This gives me an accuracy of 0.83, meaning 83% of the time I will be correct. That's pretty good, I'm wondering if I can get better. I picked an arbitrary set of features (the first 1000): what happens if I use all approximately 3000 words in the review as features ?
It turns out that I get the same level of accuracy (83%) with 3000 features as I do with 1000 features. If I go the other way and shorten the feature set to use the top 100 features only, the accuracy drops to 75%.
encodedTestSet = asd.encodeData(rawTestSetData, emitDefaultFeatures)
print nltk.classify.accuracy(classifier, encodedTestSet)

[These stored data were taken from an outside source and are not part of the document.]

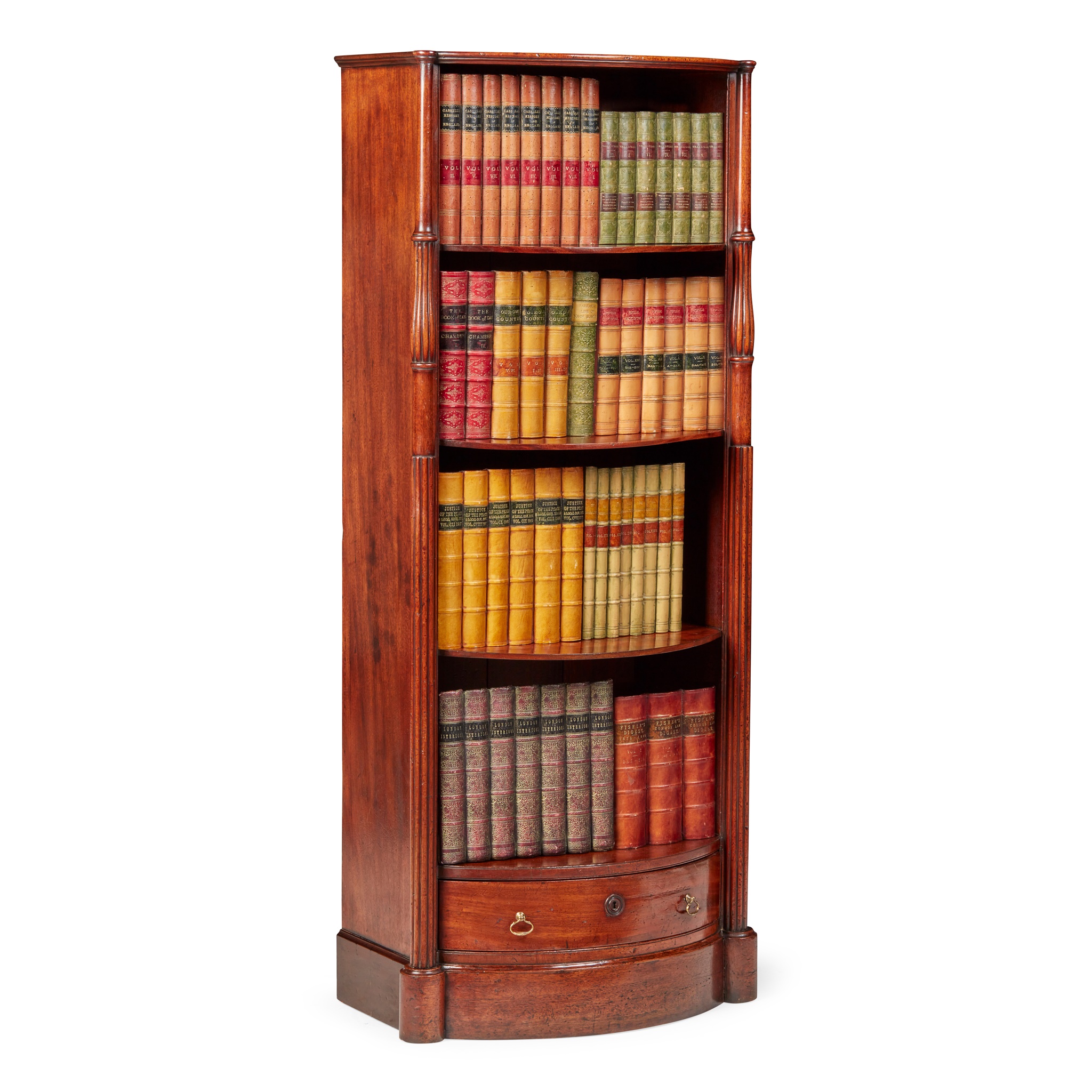 with four fixed shelves flanked by part-reeded columns, above a base drawer and conforming plinth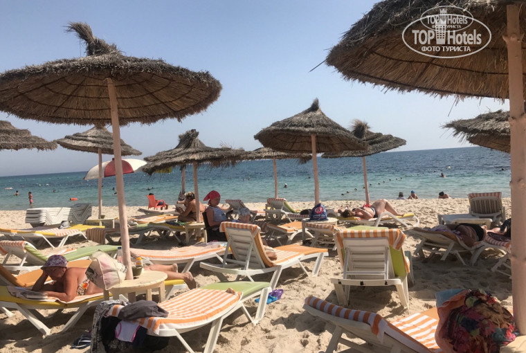 ПЛЯЖ - ради него и ехали, важно было лишь море. Но по факту пляж малюсенький, половину территории отдали платному бару для местных, откуда после обеда начиналась громкая музыка; за лежаки постоянная битва, сотрудник пляжа за доп. плату занимает с раннего утра лежаки в первом ряду, остальным если придти в 7 утра можно лечь где то в середине, в 9 утра нет мест нигде под зонтом, и при этом как в плацкарте нога - лицо (на фото), за солнцем лежак не очень то покрутишь . Полотенца пляжные меняют с 9/10 до 16, в итоге либо уходить с пляжа рано, либо вечно лежать на мокром. Особенно обидно видеть слева пляж другого отеля, пустынный и просторный, а мы ютимся как тараканы.
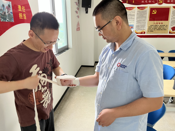 最后对学员们进行理论考核和完成心肺复苏和绷带、三角巾包扎方法的实操考试,参加本次培训的员工顺利通过考试,取得了红十字救护员证书。
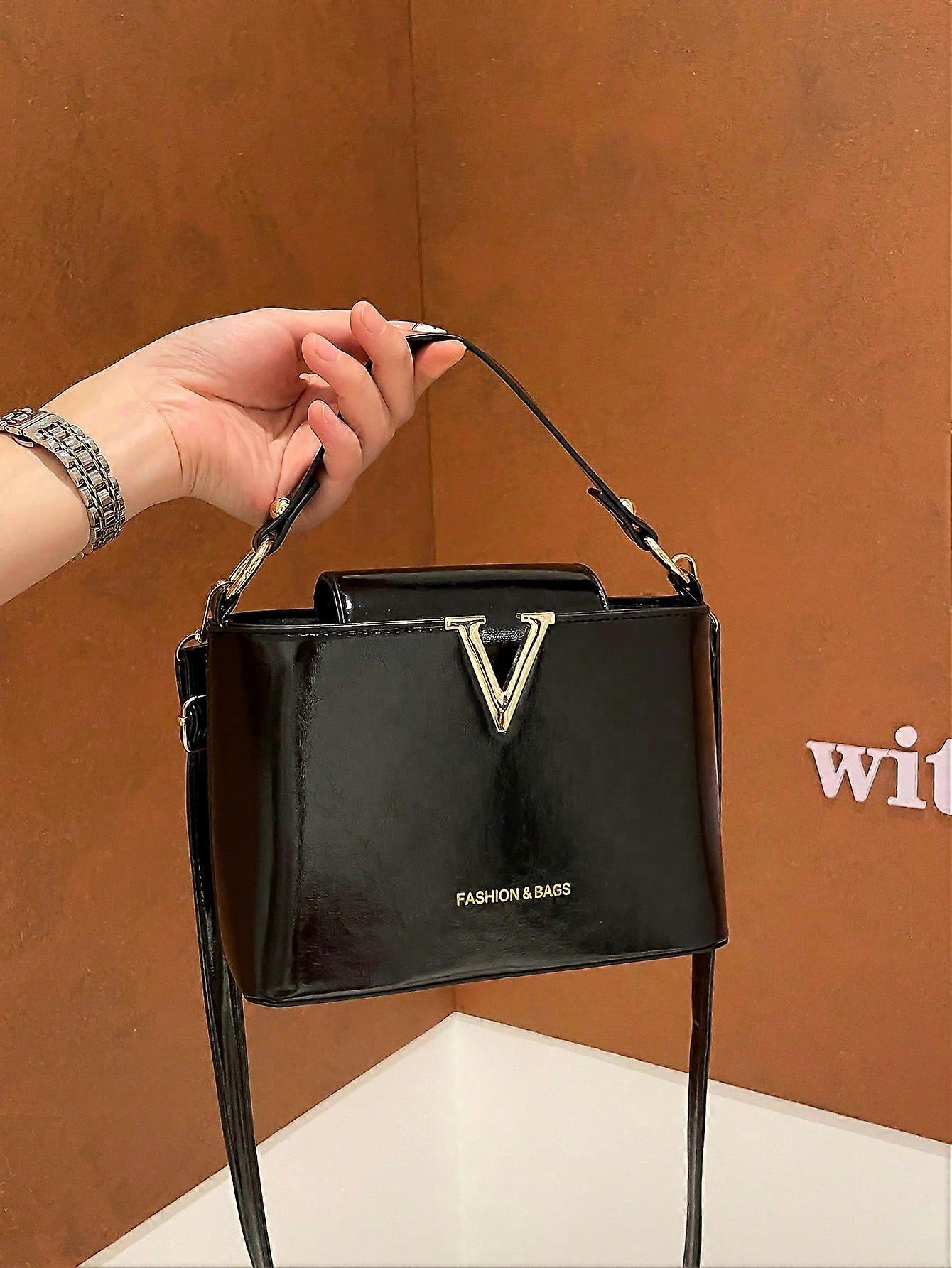 1pc Mini Letter Metal Decor PU Handbag With Magnetic Closure, Fashionable For Women, Suitable For Everyday Use In Autumn/Winter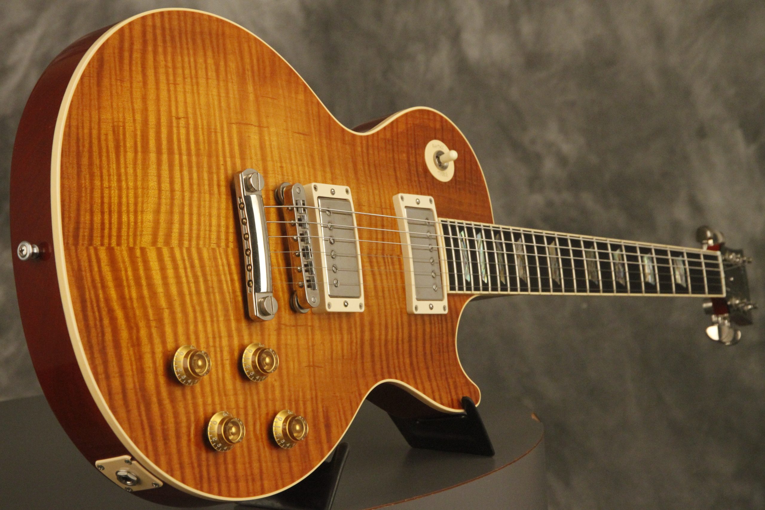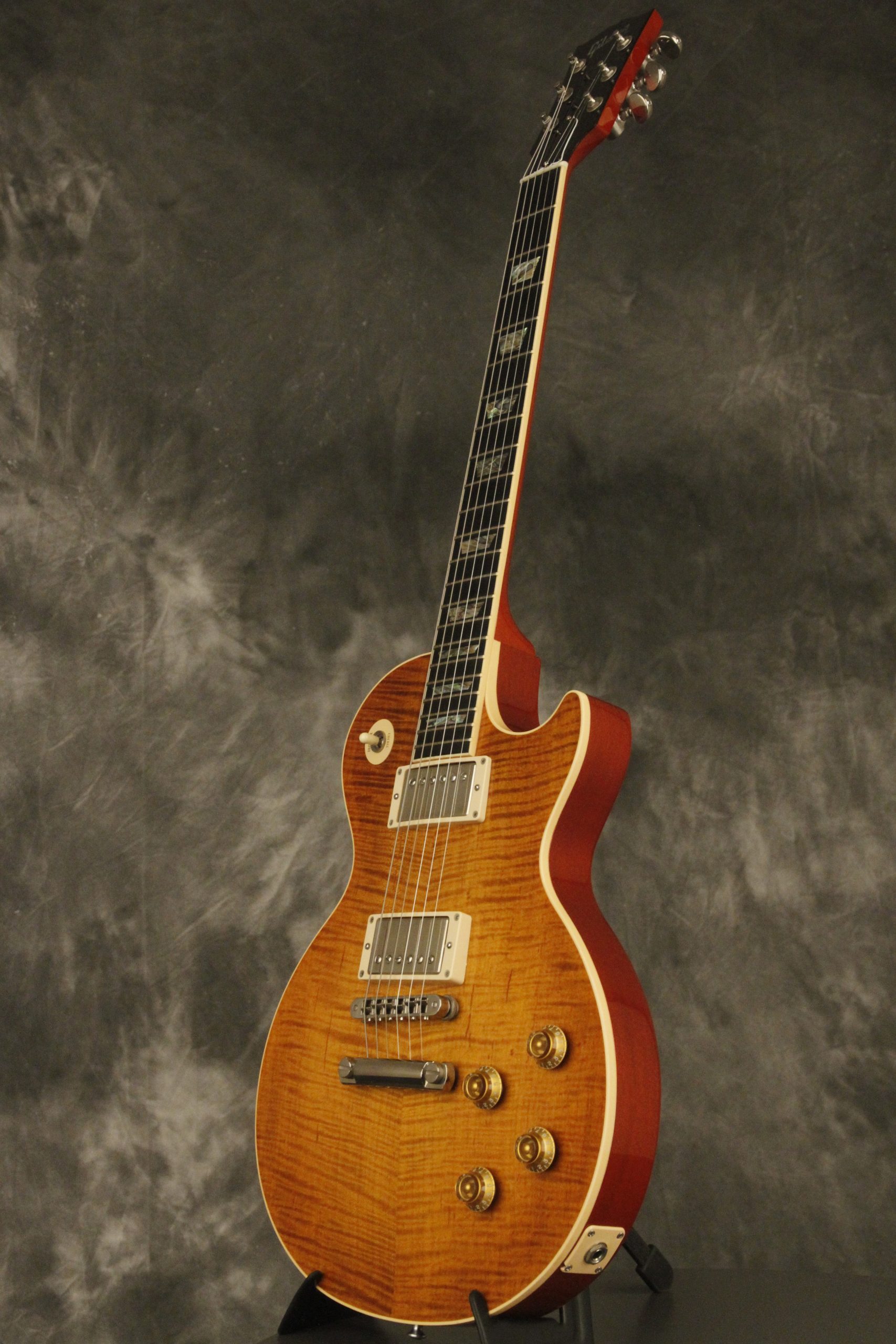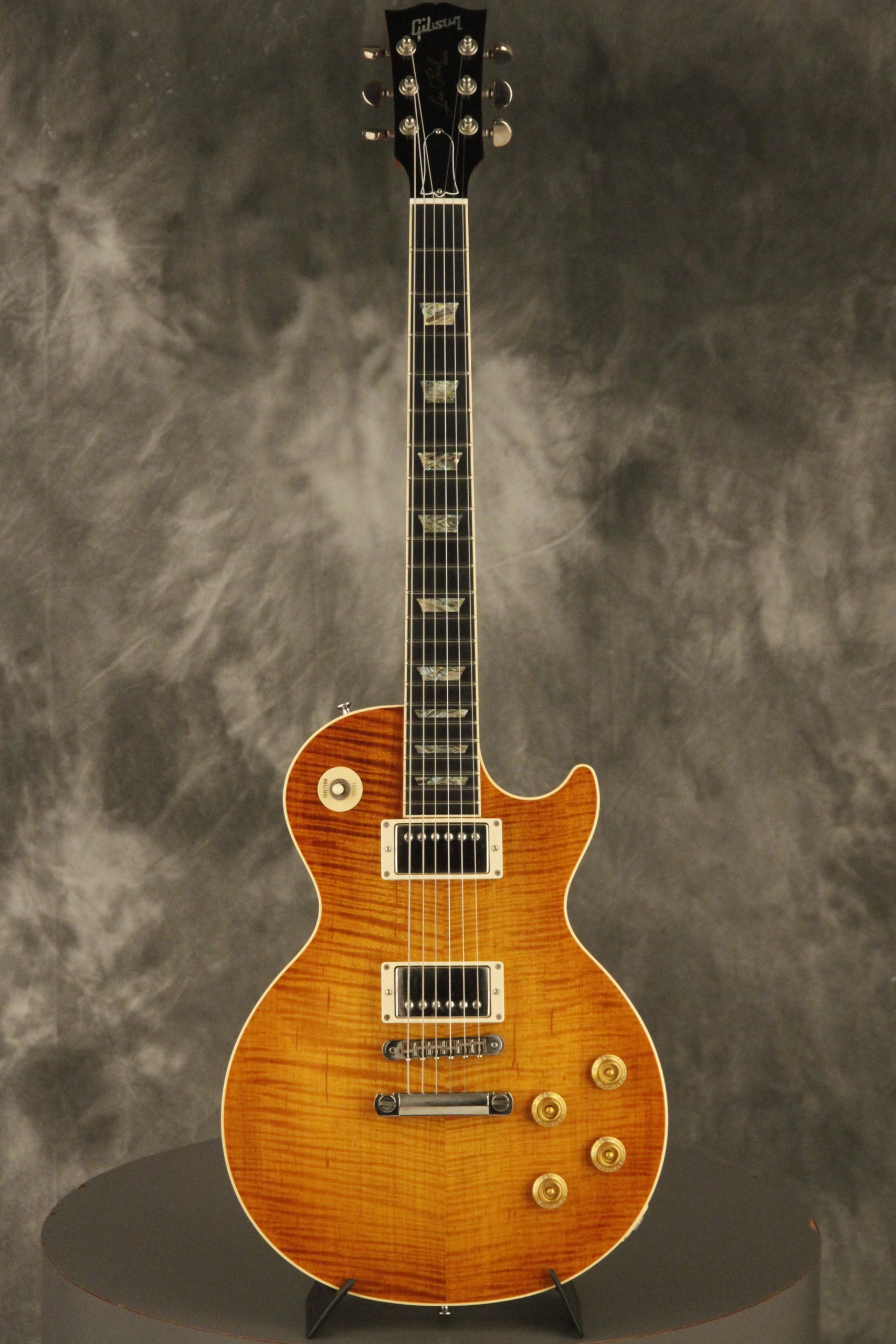 2000 Gibson Custom Shop Les Paul Elegant in Honeyburst which really shows off its incredible AAA flame maple top on a chambered body. It has a great playing neck with great frets. It's all original and 100% complete along with its original hardshell case. It's in EXCELLENT condition with only a few very minor nicks + dings, one short line of finish checking on the back of the headstock, a cracked jack plate and other barely noticeable surface wear. Everything remains structurally sound with no cracks, breaks or repairs. All electronics work and sound great with its original set of Classic '57 pickups.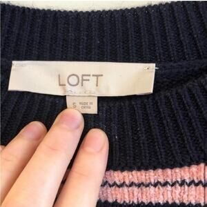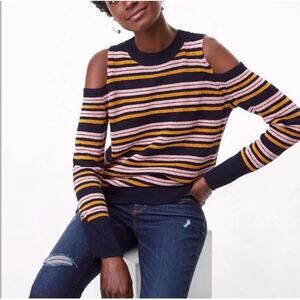 NWOT LOFT Chenille Striped Cold Shoulder Sweater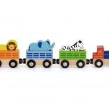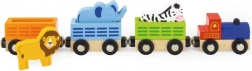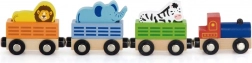 Drevený vláčik so zvieratami zo ZOO je ideálny doplnok k detským vlakovým setom aj samostatná hračka. Lokomotíva a tri pestrofarebné vagóniky s levíkom, slonom a zeberkou sa spájajú pomocou magnetov, takže sa s nimi ľahko manipuluje a deti môžu jednoducho skladať a rozpojovať súpravu podľa fantázie.

This gives me an accuracy of 0.83, meaning 83% of the time I will be correct. That's pretty good, I'm wondering if I can get better. I picked an arbitrary set of features (the first 1000): what happens if I use all approximately 3000 words in the review as features ?
It turns out that I get the same level of accuracy (83%) with 3000 features as I do with 1000 features. If I go the other way and shorten the feature set to use the top 100 features only, the accuracy drops to 75%.
I had originally written an encoding function that encoded the word as the value because I thought that the frequency of the feature value was being counted. That resulted in an incredibly low score. I read though the training method code and realized that what is being counted for each feature are the permutations of the value across each label. Also, the feature set needs to be invariant across the training examples. Doing this gave me the 'acceptable' baseline of 82% accuracy.
ReplyDeleteIt is really exciting experience to go through the article. The author has beautifully covered the topic without having any bit of boring element. Thanks for sharing the wonderful article with us. Expect many more articles from here! Keep on sharing!
ReplyDeleteI was looking for this certain information for a long time. Thank you and good luck.
ReplyDeleteangularjs Training in bangalore
angularjs Training in btm
angularjs Training in electronic-city
angularjs Training in online
angularjs Training in marathahalli
Really you have done great job,There are may person searching about that now they will find enough resources by your post
ReplyDeleteJava training in Chennai | Java training in Bangalore
Java interview questions and answers | Core Java interview questions and answers
This is an awesome post.Really very informative and creative contents. These concept is a good way to enhance the knowledge.I like it and help me to development very well.Thank you for this brief explanation and very nice information.Well, got a good knowledge.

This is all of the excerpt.